# EXERCISE BRIEF
The whole listing below should be retyped exactly, without any images.

DATASET EXTRACT Block Start

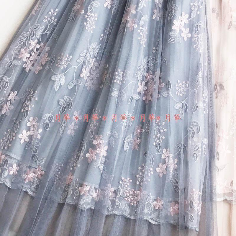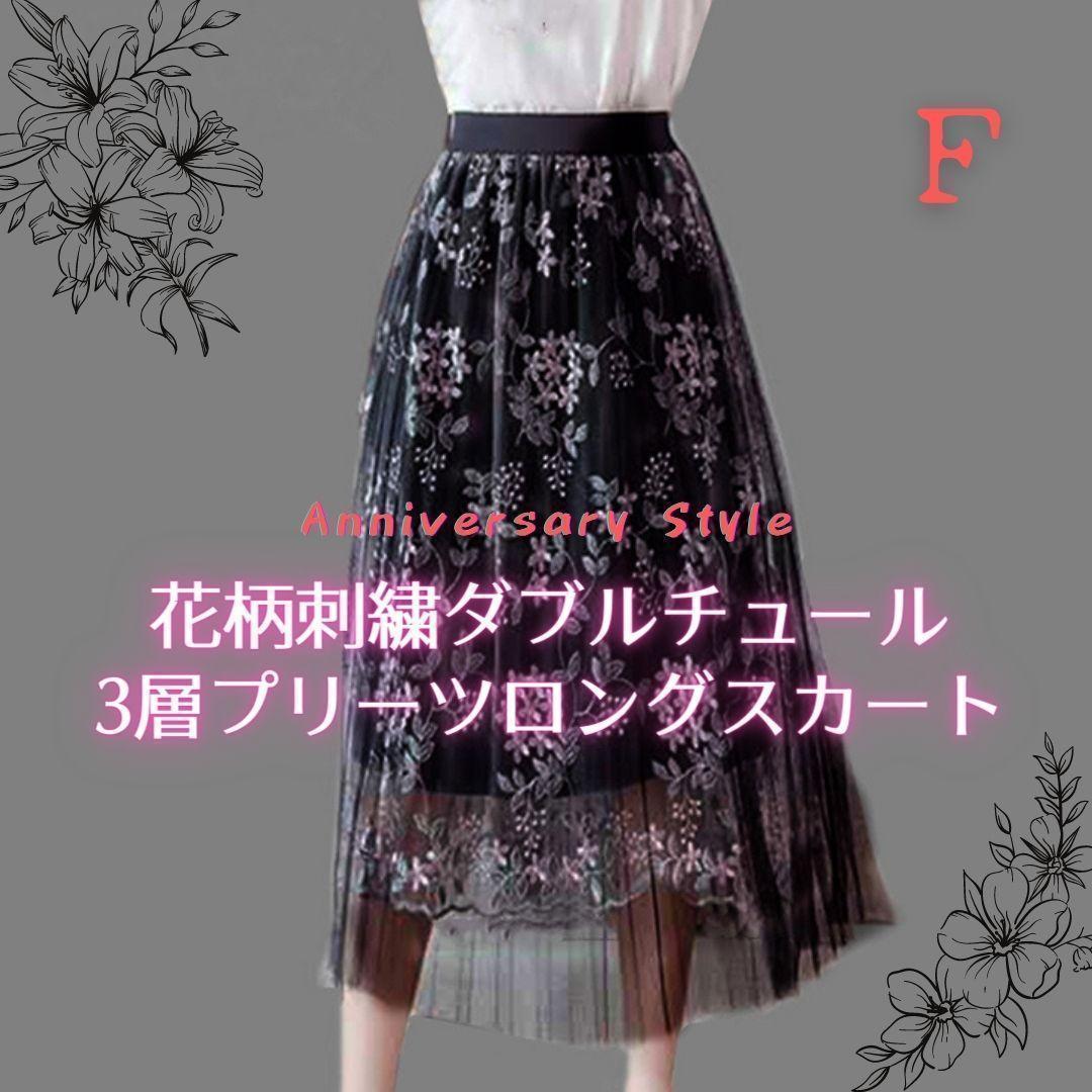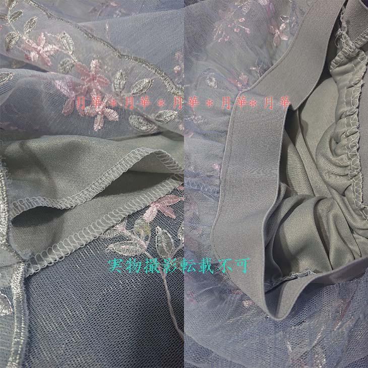 無地裏地・メッシュ花柄刺繍・プリーツチュールの3層仕立てスカート。
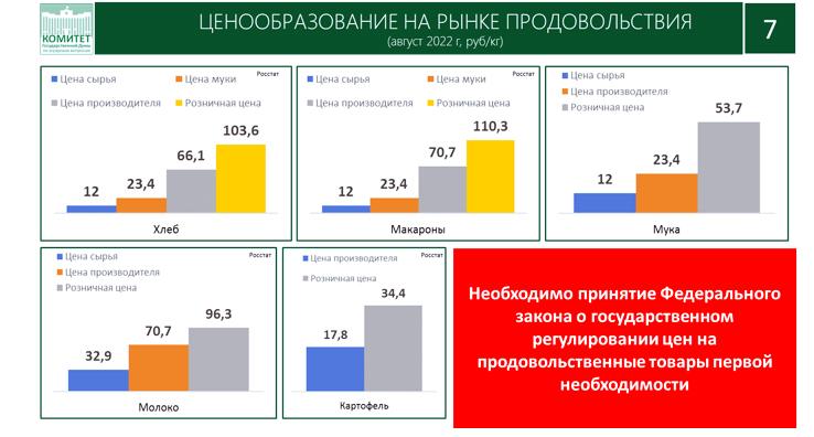 Куда это годится? Мы давно говорим о том, что нужен закон, регулирующий цены на товары первой необходимости. Его принятие позволит справедливо распределить доходность между всеми участниками производства продовольственных товаров, установить справедливые цены и поддержать покупательскую способность наиболее нуждающихся граждан.
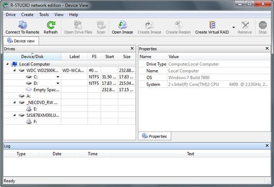 R-Studio - лучшее на сегодняшний день программное обеспечение для восстановления данных. Поддерживает файловые системы FAT12/16/32, NTFS, NTFS5, Ext2FS (Linux). Позволяет восстанавливать файлы, как на локальных логических и физических жестких дисках, так и на дисках, расположенных на удаленных компьютерах через компьютерную сеть.

DATASET EXTRACT Block End

# SOLUTION TO THE PROBLEM
 無地裏地・メッシュ花柄刺繍・プリーツチュールの3層仕立てスカート。
 Куда это годится? Мы давно говорим о том, что нужен закон, регулирующий цены на товары первой необходимости. Его принятие позволит справедливо распределить доходность между всеми участниками производства продовольственных товаров, установить справедливые цены и поддержать покупательскую способность наиболее нуждающихся граждан.
 R-Studio - лучшее на сегодняшний день программное обеспечение для восстановления данных. Поддерживает файловые системы FAT12/16/32, NTFS, NTFS5, Ext2FS (Linux). Позволяет восстанавливать файлы, как на локальных логических и физических жестких дисках, так и на дисках, расположенных на удаленных компьютерах через компьютерную сеть.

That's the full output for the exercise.